Hz. Mevlana dört kapı arasındaki farkı soran bir öğrencisine; “Karşı medresede rahlelerine eğilmiş ders çalışan dört kişi var. Sen git bunların hepsinin ensesine bir şamar at sonra gel sana anlatayım” der. Bunun üzerine öğrencisi karşı medreseye gider.  Birincinin ensesine kuvvetlice bir tokat vurur. Tokadı yiyen derhal ayağa kalkıp daha kuvvetli bir tokatla ensesine vuran öğrenciyi yere yıkar. Mevlana’nın sözünü tutmaya niyetli öğrenci ayağa kalkar. Rahlede ders çalışan ikincisine tokat atar. O da derhal ayağa kalkar ve elini kaldırır. Ancak tam tokadı atacakken vazgeçip yerine oturur. Tokatı yiyen üçüncü şöyle bir kafasını çevirip baktıktan sonra başka bir şey yapmaz, çalışmasına devam eder. Dördüncü ise, tokadı yemesine rağmen hiç oralı bile olmaz. Süreç tamamlandığından öğrenci Mevlana’nın yanına geri gelir ve durumu Mevlana’ya anlatır. Mevlana şöyle açıklar:

Birinci şeriat kapısını geçememiş biri idi. Şeriatta kısasa kısas olduğu için, tokadı yiyince kalktı, aynısını sana iade etti.

İkinci, tarikat kapısında olan bir kişiydi. Tokadı yiyince tam iade edecekti ki, tarikat öğretisinde verdiği söz aklına geldi: “Sana kötülük yapana bile iyilik yap.” Onun için döndü, oturdu.

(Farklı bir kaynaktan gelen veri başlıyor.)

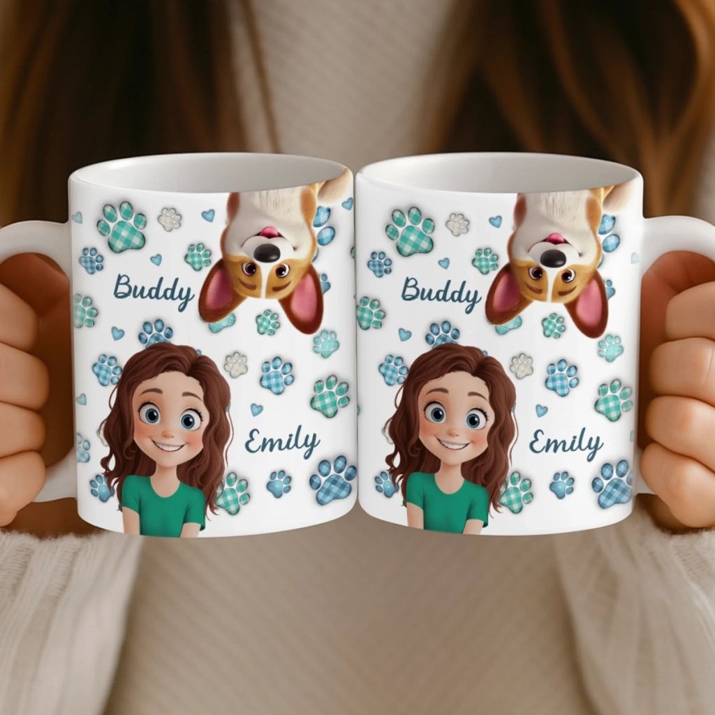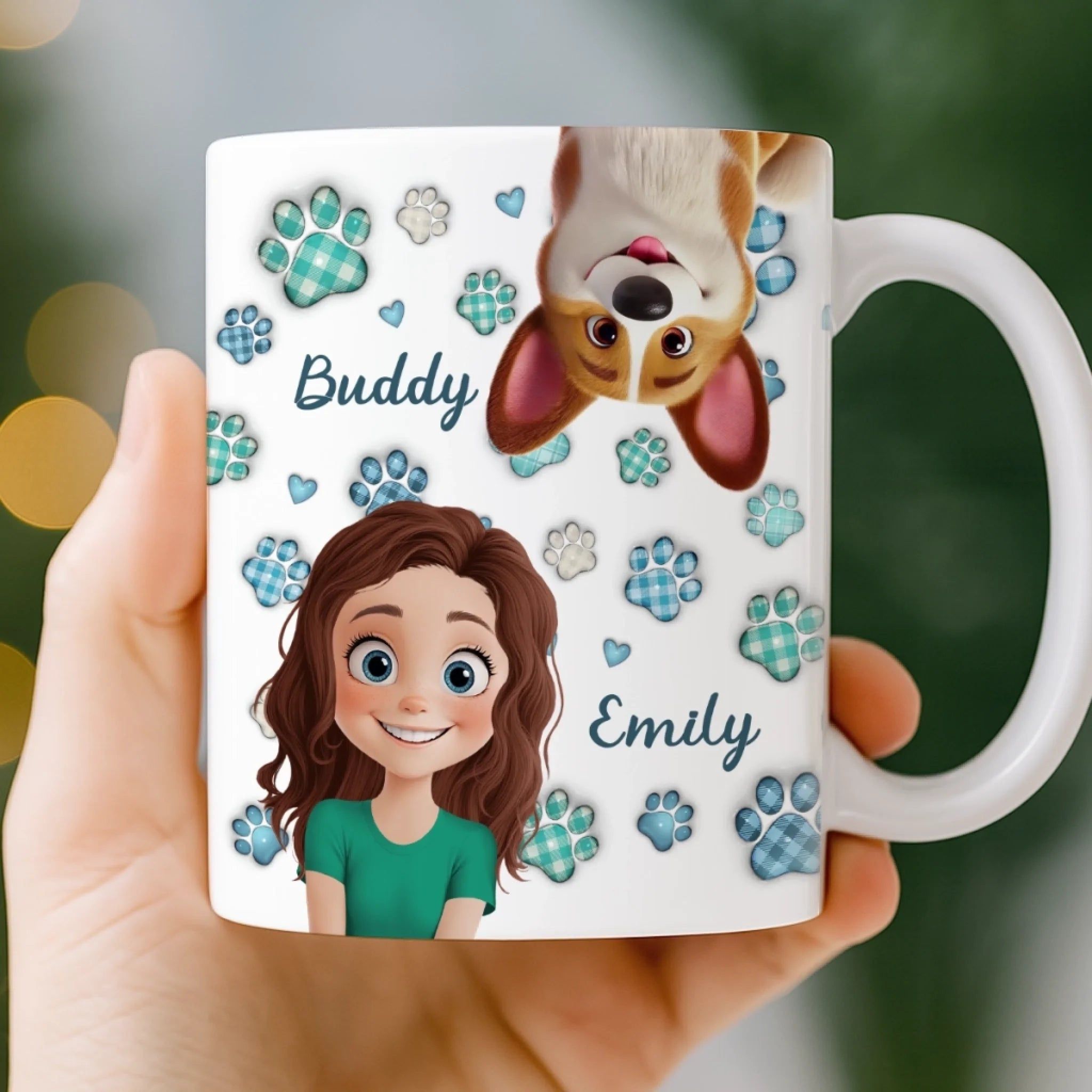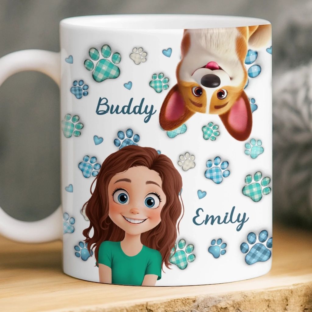 Individuell bedruckte Tasse mit 2D-Aufblaseffekt – Personalisierte Geburtstagsgeschenke für Hunde- und Katzenliebhaber, Hundeeltern und Katzenbesitzer – Pfoten machen das Leben bunt

Üçüncüsü marifet kapısına kadar gelmiş biri. İyinin ve kötünün nereden geldiğini bildiği için, Yaradan bu kötülüğe hangi iblisi alet etti diye, merakından şöyle bir dönüp baktı.

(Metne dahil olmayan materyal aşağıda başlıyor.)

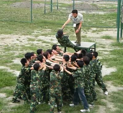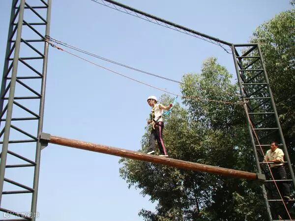 目的:直径大于20公分的六根木桩成梯状悬于12米高空,最低一根距地约1.2米,且间距自下而上逐渐增大,小组成员被随机分为2人一组,相互配合,共同登顶

Dördüncü, hakikat kapısını da geçmiş biriydi. İyinin ve kötünün tek sahibi olduğunu ve aynı olduğunu bildiği için, dönüp bakmadı bile!.. 

“Yapma, gayret etme” aşaması tarikat mertebesidir.

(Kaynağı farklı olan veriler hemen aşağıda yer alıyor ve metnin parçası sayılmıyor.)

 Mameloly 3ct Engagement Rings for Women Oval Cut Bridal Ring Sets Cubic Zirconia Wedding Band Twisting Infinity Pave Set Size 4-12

“Zevk etme” aşamasına ise marifet ve hakikatte varılır.

Yemek yemekle yediğin yemeğin zevkine varmak…

Nefes almakla aldığın nefesin zevkine varmak.

Baba olmakla baba olmanın zevkine varmak…

Varın siz kıyaslayın.

Konu bir yaşam teorisi olarak gördüğüm ölümdü değil mi?

O zaman ölümü dost bilen Mevlana’yla bitirelim. 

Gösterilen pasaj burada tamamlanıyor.